**Task directions**
Once you reach the line with "秧歌(二)&万荣县_秧歌_山西民间歌曲简谱高清简谱歌词是" in the material below, copy each line exactly up to and including the line with "멀티 포켓 순면 조끼", and skip the pictures.

**Dataset extract**
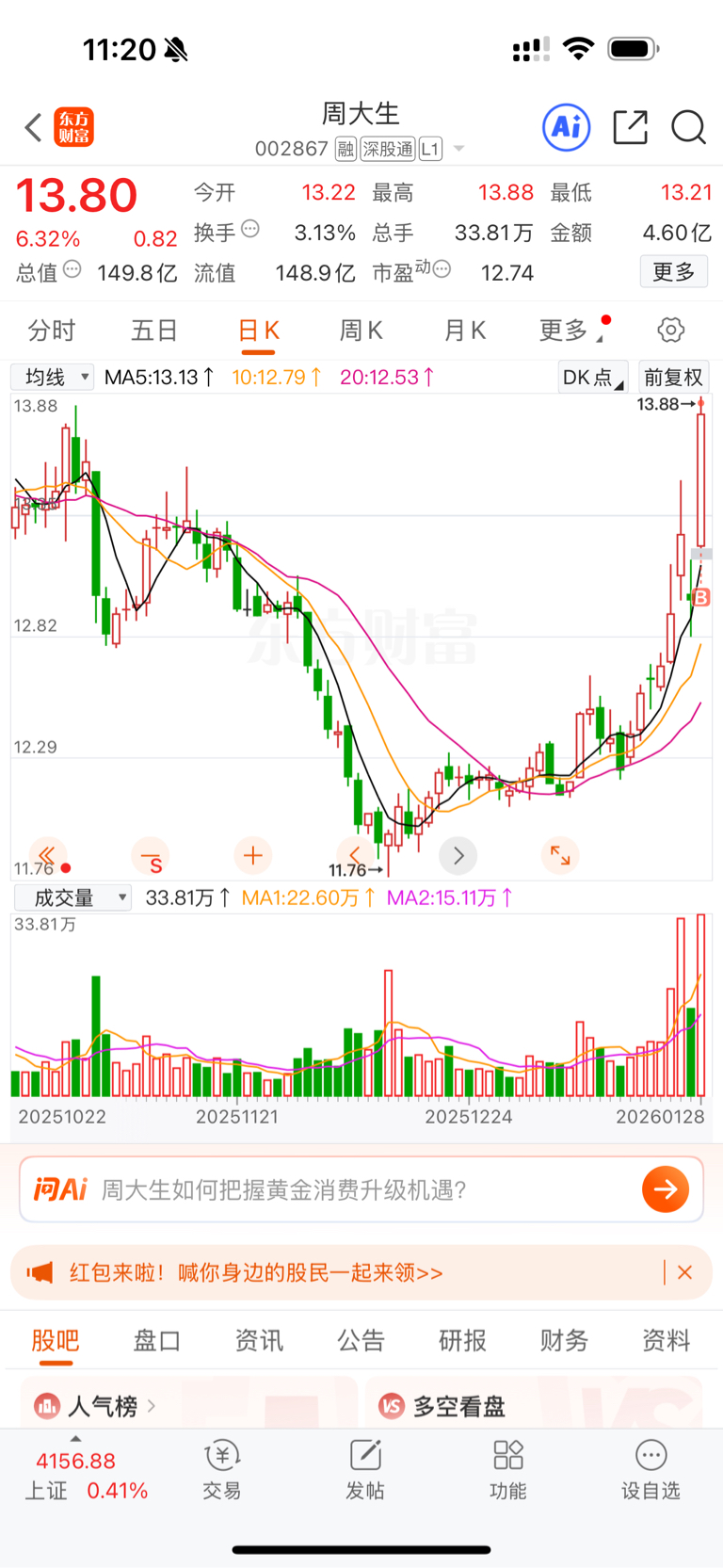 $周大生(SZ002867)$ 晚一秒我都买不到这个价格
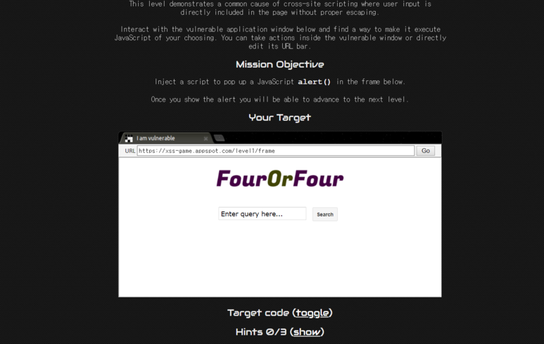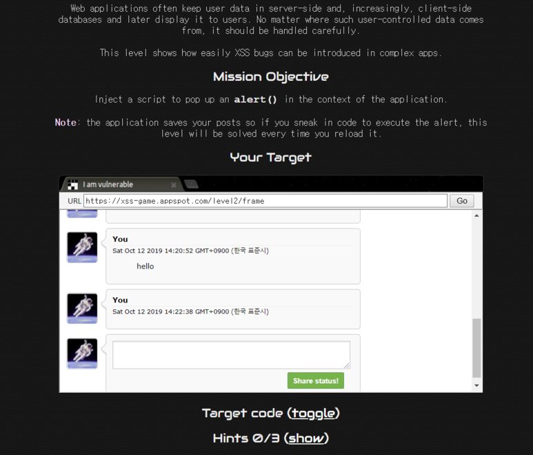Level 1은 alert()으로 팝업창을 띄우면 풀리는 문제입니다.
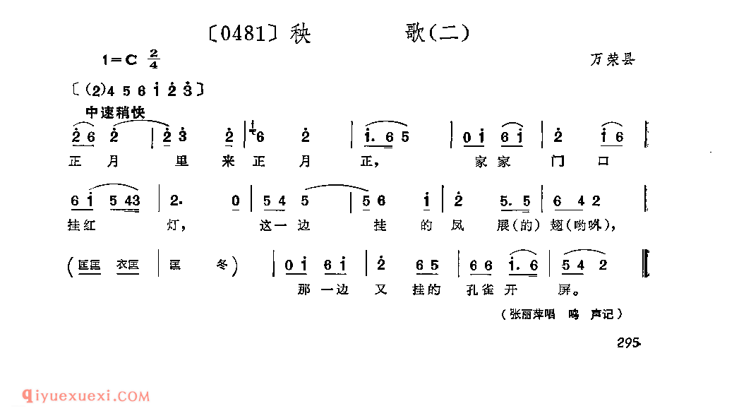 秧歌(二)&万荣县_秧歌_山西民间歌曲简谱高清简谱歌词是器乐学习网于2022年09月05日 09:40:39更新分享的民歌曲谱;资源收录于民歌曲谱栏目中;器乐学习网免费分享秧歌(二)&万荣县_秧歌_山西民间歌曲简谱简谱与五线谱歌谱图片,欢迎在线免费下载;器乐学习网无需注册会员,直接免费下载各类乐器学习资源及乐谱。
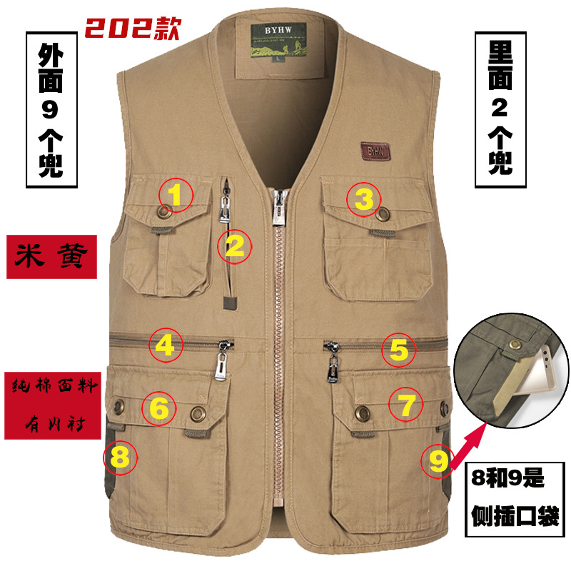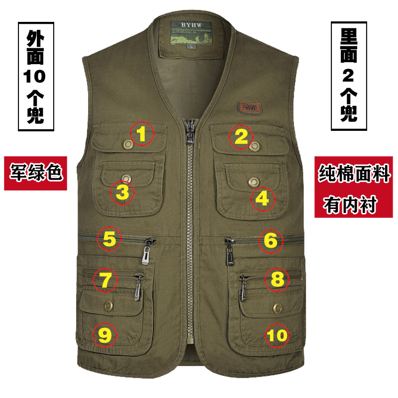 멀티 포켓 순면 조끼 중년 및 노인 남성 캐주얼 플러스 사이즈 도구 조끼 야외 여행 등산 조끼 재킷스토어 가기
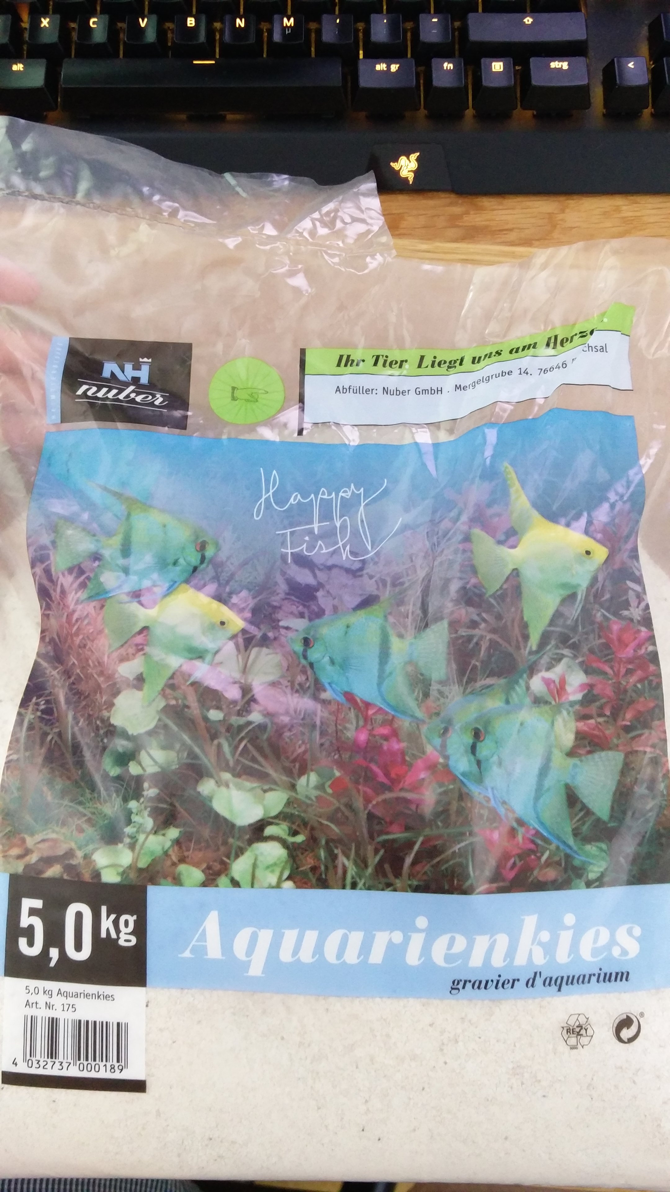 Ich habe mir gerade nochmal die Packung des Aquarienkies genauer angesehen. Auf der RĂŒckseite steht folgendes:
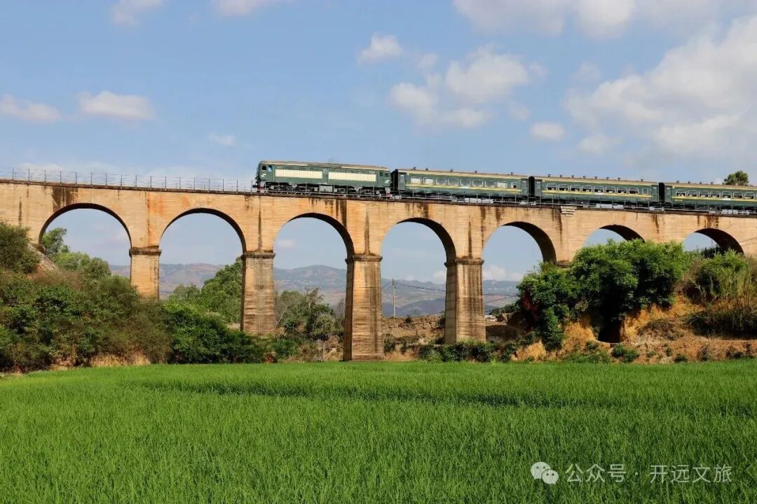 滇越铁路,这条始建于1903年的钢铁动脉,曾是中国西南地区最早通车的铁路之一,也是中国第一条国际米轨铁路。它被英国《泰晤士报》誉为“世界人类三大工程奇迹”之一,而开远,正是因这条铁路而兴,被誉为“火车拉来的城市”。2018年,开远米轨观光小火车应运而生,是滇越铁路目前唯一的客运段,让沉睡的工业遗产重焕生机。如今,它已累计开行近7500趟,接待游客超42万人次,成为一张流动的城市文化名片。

**Reply to the task**
 秧歌(二)&万荣县_秧歌_山西民间歌曲简谱高清简谱歌词是器乐学习网于2022年09月05日 09:40:39更新分享的民歌曲谱;资源收录于民歌曲谱栏目中;器乐学习网免费分享秧歌(二)&万荣县_秧歌_山西民间歌曲简谱简谱与五线谱歌谱图片,欢迎在线免费下载;器乐学习网无需注册会员,直接免费下载各类乐器学习资源及乐谱。
 멀티 포켓 순면 조끼 중년 및 노인 남성 캐주얼 플러스 사이즈 도구 조끼 야외 여행 등산 조끼 재킷스토어 가기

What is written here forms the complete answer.